• Problem: Only the lines from the one containing "Yeezy 350 cloud" through the end of the data are wanted, reproduced exactly and without pictures.

(Data records)

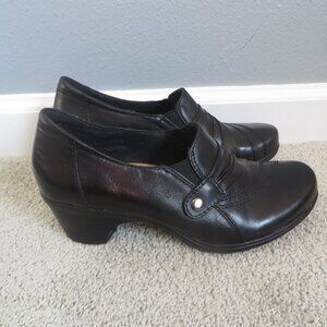 Earth Origins By Earth Rochester Womens Heels Size 6M Black Leather Slip-On Comfortable.
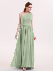 One Shoulder Lace and Chiffon Dresses Dusty Sage
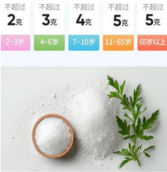 《2015年中国成年人慢性病与营养监测》数据显示,每标准人日烹调盐摄入量为9.3g,世界卫生组织推荐每天食盐摄入量<5g。《中国居民膳食指南(2022)》推荐健康成人每人每天食盐摄入量不超过5g。2-3岁幼儿摄入量不超过2克,4-6岁幼儿不超过3克,7-10岁儿童不超过4克。
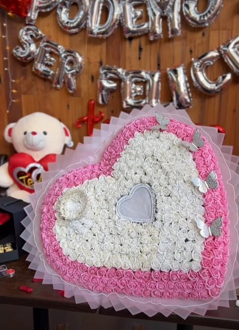"Entrega especial a Steffi Elizondo de parte de Lucas Cepeda", destacó el emprendimiento, detallando que se trata de un "ramo de 400 rosas eternas en forma de corazón".
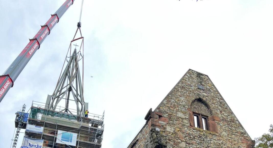 Der Turmhelm wurde als komplettes Bauteil auf den Turmschaft aufgesetzt. Als Teil dieses symbolischen Moments wird die historische Glocke, die einst den Turm zierte, wieder eingebaut – wenn auch ohne ihre ursprüngliche Funktion, jedoch als weiterer Akt des Gedenkens.
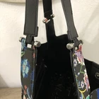 The Nanette Lepore Athena Damask Floral Tote Shoulder bag is a large, multicolor shoulder bag with a beautiful floral pattern. Made with vegan leather, this bag features a snap closure, black shoulder strap, and a lined interior. Perfect for travel, casual outings, or workwear, this stylish bag is a designer piece that adds a colorful and trendy touch to any outfit. The bag is part of the Shoulder Bags product line and is designed for women who appreciate both fashion and functionality.
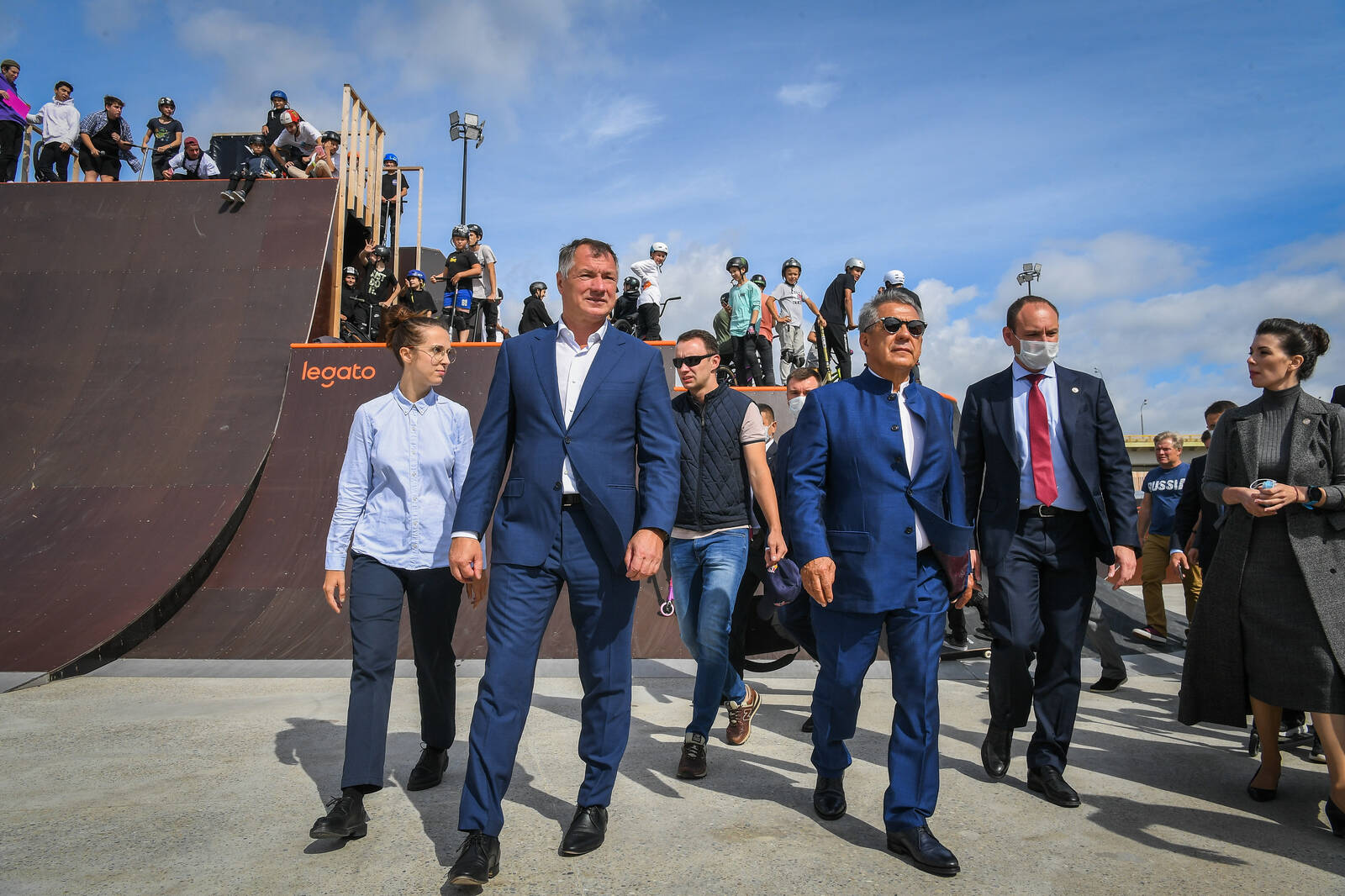 Посещение нового экстрим-парк «Урам». Принимают участие Президент Республики Татарстан Р.Н. Минниханов и заместитель Председателя Правительства России М.Ш Хуснуллин
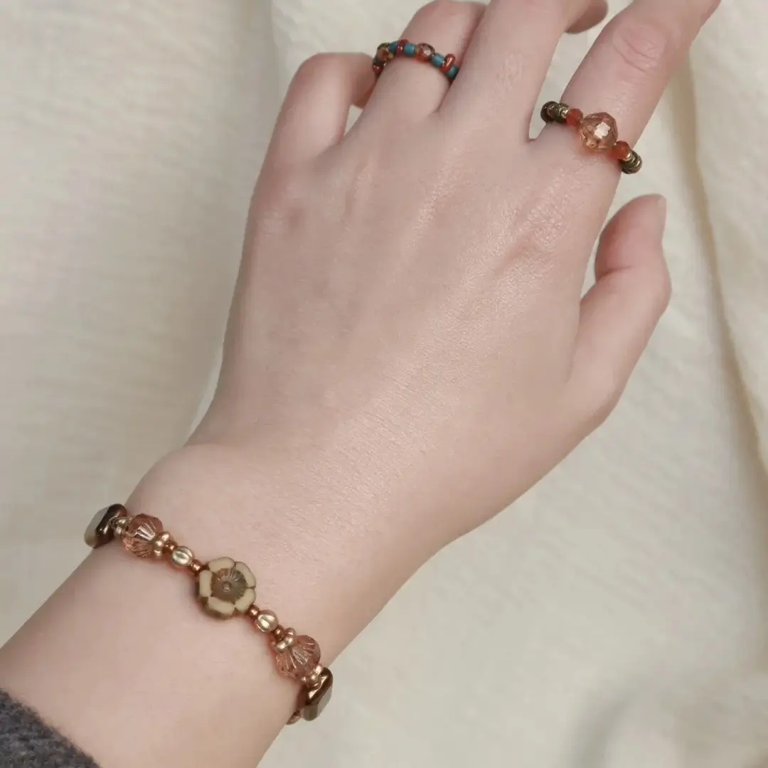 Pair this earthy-toned bracelet with natural fabrics like linen, cotton, or wool for a soft, organic look. Layer it with other earthy-toned jewelry or wear it solo to highlight its muted warmth. It complements both casual outfits and structured silhouettes, such as collared shirts or high-neck dresses.
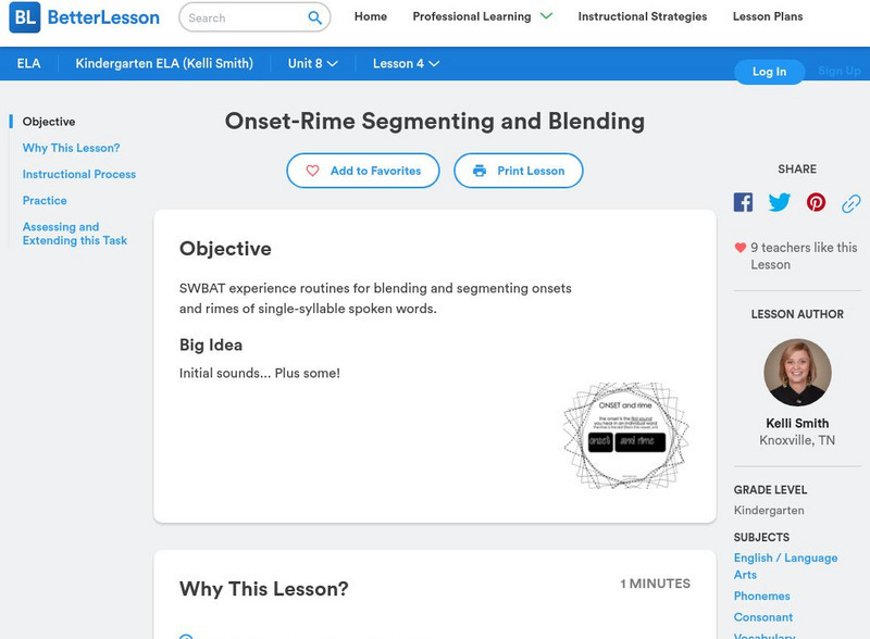 This lesson offers routines for blending and segmenting onsets and rimes of single-syllable spoken words. Included is a video showing students practicing this skill and ideas for centers.
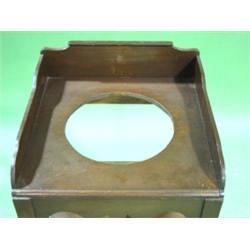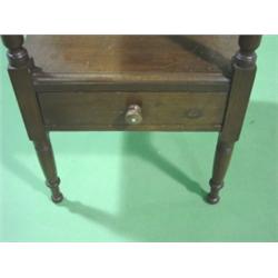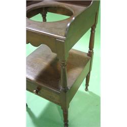 PRIMITIVE SINGLE DRAWER WASHSTAND with splash back and cut-out for wash bowl. Single dovetailed drawer in bottom. Replaced knob on drawer. 35" H, 17.25" W, 17.25" D
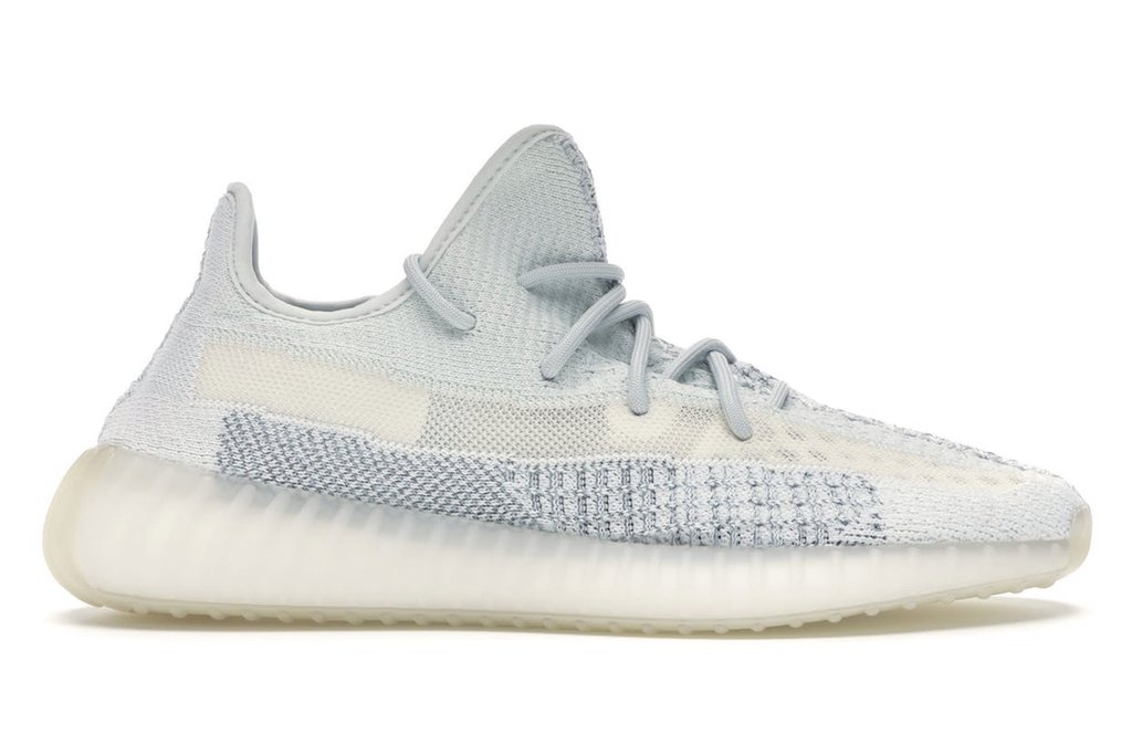 Yeezy 350 cloud white reflective. Signature Yeezy 350 V2 stripes on the mid-panel are featured in translucent cream white while the airy blue ribbed rubber midsole that houses Boost foam cushioning another favorite among fans of the Yeezy Boost 350 completes the look of this design. The adidas Yeezy Boost 350 V2 Cloud White Non-Reflective combines shades of cream and bluish-white to recreate the hue of a fluffy cloud. Instead of separate overlays the upper has the appearance of a single stitched-together piece.
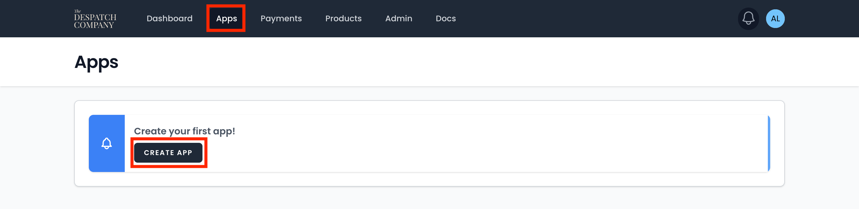 Navigate to the “Apps” section and select “Create a new App”.

• Answer area:
 Yeezy 350 cloud white reflective. Signature Yeezy 350 V2 stripes on the mid-panel are featured in translucent cream white while the airy blue ribbed rubber midsole that houses Boost foam cushioning another favorite among fans of the Yeezy Boost 350 completes the look of this design. The adidas Yeezy Boost 350 V2 Cloud White Non-Reflective combines shades of cream and bluish-white to recreate the hue of a fluffy cloud. Instead of separate overlays the upper has the appearance of a single stitched-together piece.
 Navigate to the “Apps” section and select “Create a new App”.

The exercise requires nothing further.